The Informal Sector, Productivity, and Enforcement in West Africa: A Firm-level Analysis

Authors


  • The results presented in this paper are from a broader study on informality, the business climate and economic growth in West Africa, funded by the Research Department of the World Bank. We are grateful to several anonymous Bank referees for helpful comments during the design of the project. We also thank very much experts from UEMOA, and the national governments for helpful assistance during the data collection phase. Dominique Haughton provided very helpful assistance during the sample design and data analysis phases. Ibrahima Thione Diop and Birahim Bouna Niang, and Steve Golub also provided useful comments. Of course, the usual disclaimer applies.

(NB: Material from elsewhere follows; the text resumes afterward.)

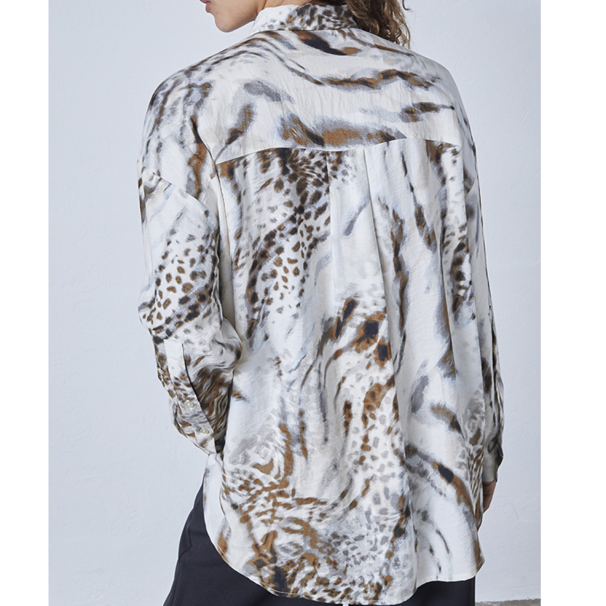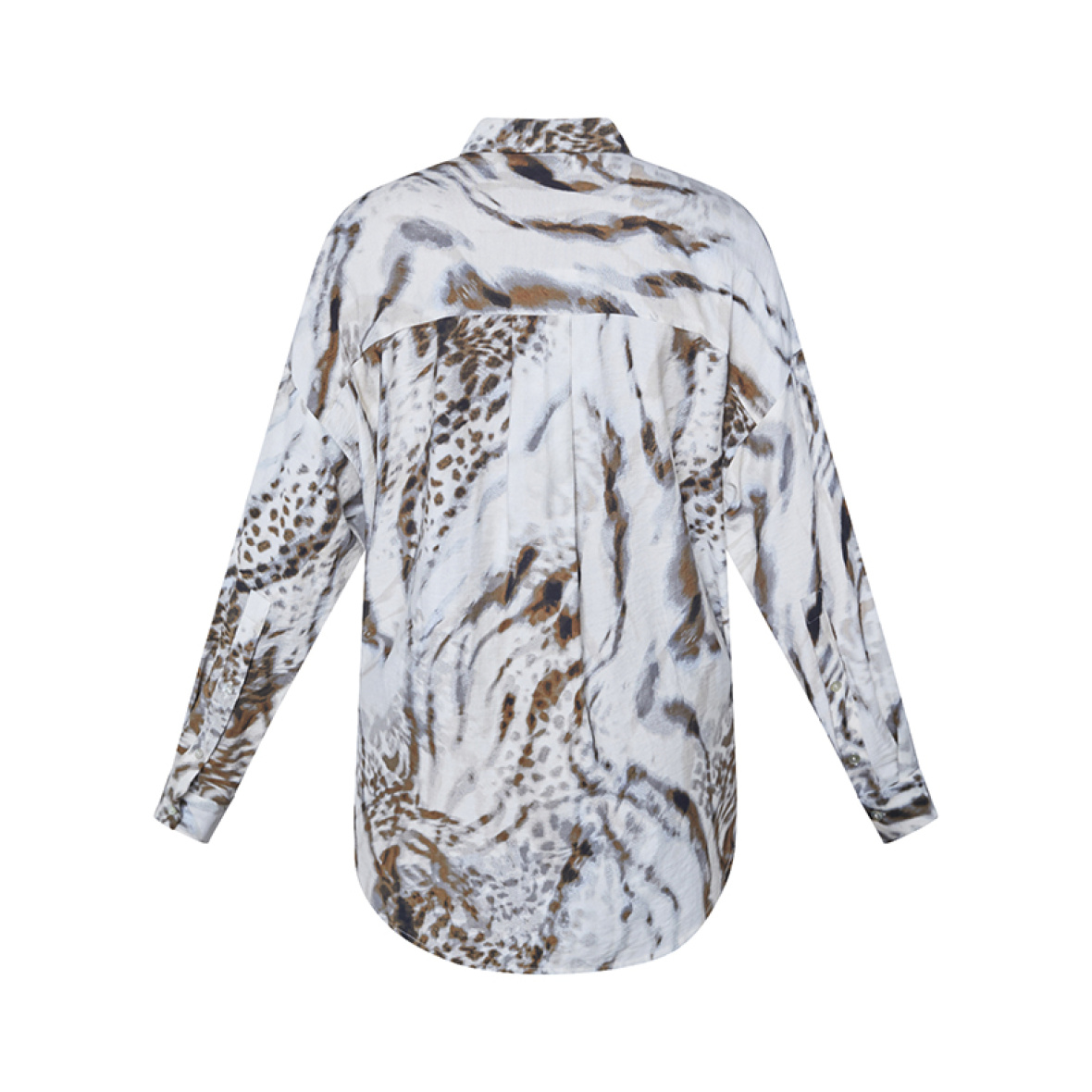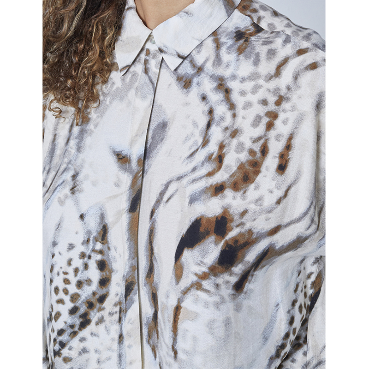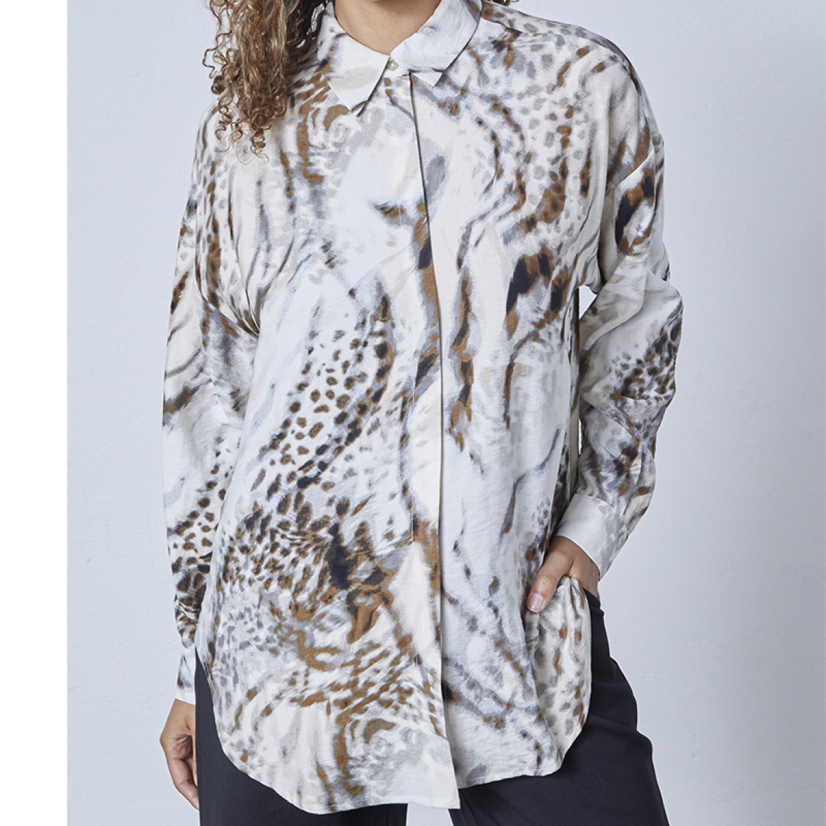 Den har skjult knaplukning, lange ærmer med manchetter og en løs, behagelig pasform.

Tel: +1-202-473-0189; E-mail: NBenjamin@worldbank.org.

Abstract

The informal sector accounts for a major share of African economies' GDP, employment and firms. Most national surveys of the sector focus on informal employment rather than the structure of informal businesses, with sample designs oriented to small scale individual or household firms. Here, firm-level data are used, collected on 900 formal and informal businesses in the capitals of Benin, Burkina Faso and Senegal. Data from these surveys, complemented by semi-structured interviews of major stakeholders in the three cities as well as data from national accounts, document huge enforcement problems, leading to the emergence of large informal actors coexisting with smaller informal businesses. While there is a significant difference in productivity between formal and informal firms, the productivity gap is much smaller for large informal firms than for small informal firms, suggesting that large informal firms have the pre-requisites to formalize but choose not to do so.